Graham Greene hailed Evelyn Waugh as “the greatest novelist of my generation”, yet reckoned by Hilaire Belloc to have been possessed by the devil. Waugh’s literary reputation has risen steadily ever since Greene’s assessment in 1966. Philip Eade’s biography takes a fresh look at the whole of Waugh’s life, presenting the most revealing and in some cases unknown events of his 63 years in a stimulating and highly readable narrative. It reviews the extent to which his various experiences and relationships informed his fiction, and describes his life in the broader context of early to mid 20th-century social history.

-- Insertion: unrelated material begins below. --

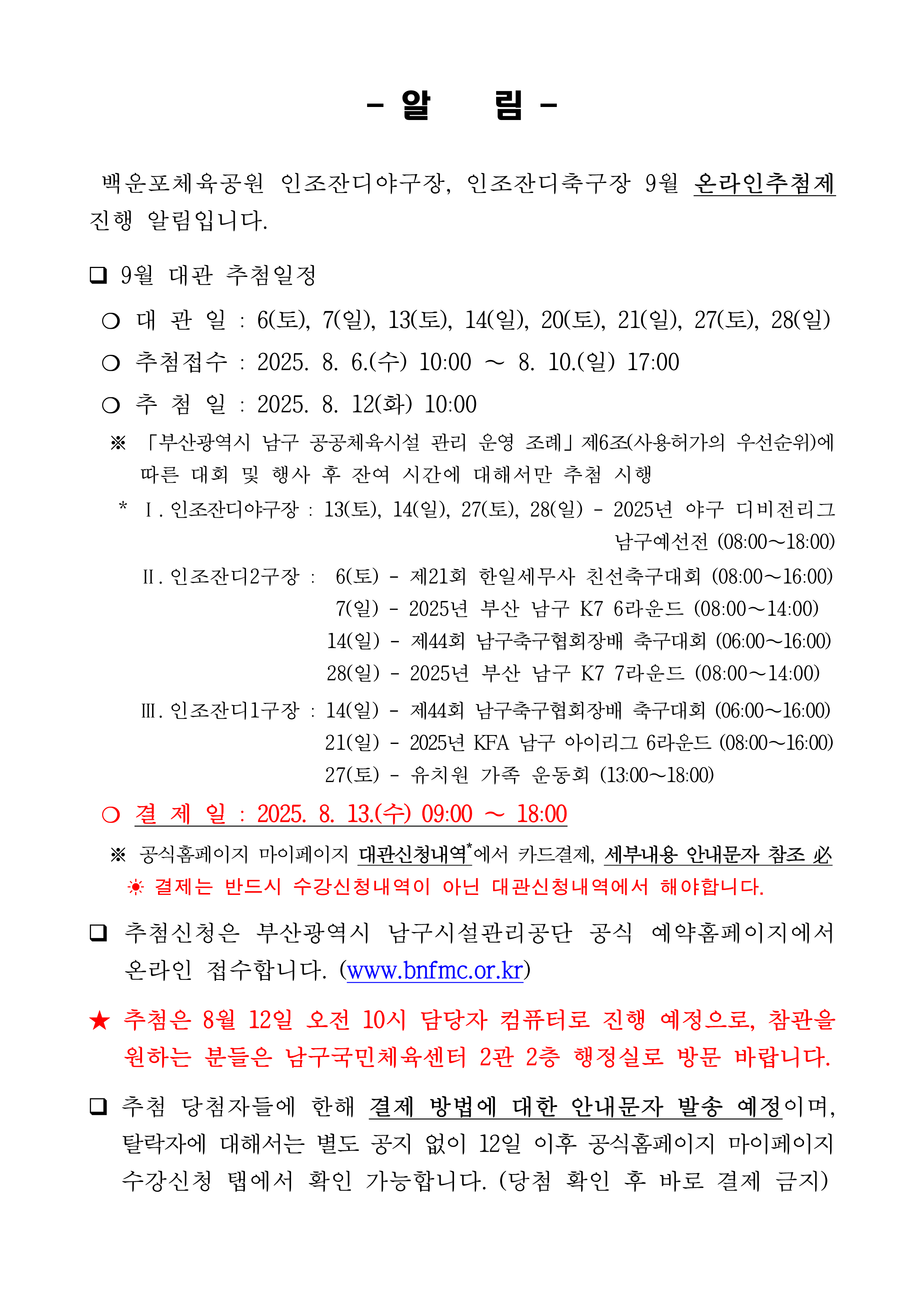 백운포체육공원 9월 추첨 신청 안내입니다.

Eade takes account of the most recent Waugh scholarship and makes use of extensive never before seen primary sources that cast new light on many of the key phases and themes of Waugh’s life: his difficult relationship with his embarrassingly sentimental father and favoured elder brother, and the burning ambition they inadvertently provoked in him; his love affair with Alastair Graham at Oxford; his disastrous first marriage to Evelyn Gardner and its complicated annulment; his momentous conversion to Catholicism; his complex interest in the aristocracy, and what the aristocrats made of him; his chequered wartime career and fateful enmity with Lord Lovat; his nervous breakdown; his strangely successful marriage to Laura Herbert; his unconventional attitude to his six children; his sharp tongue; his devastating wit; his egomania; and the love, fear and loathing that he variously inspired.

 

About the author

Philip Eade’s two previous books (Sylvia and Young Prince Philip) have demonstrated his credentials as one of our best biographers and chroniclers of 20th-century upper-class social history. He lives in London.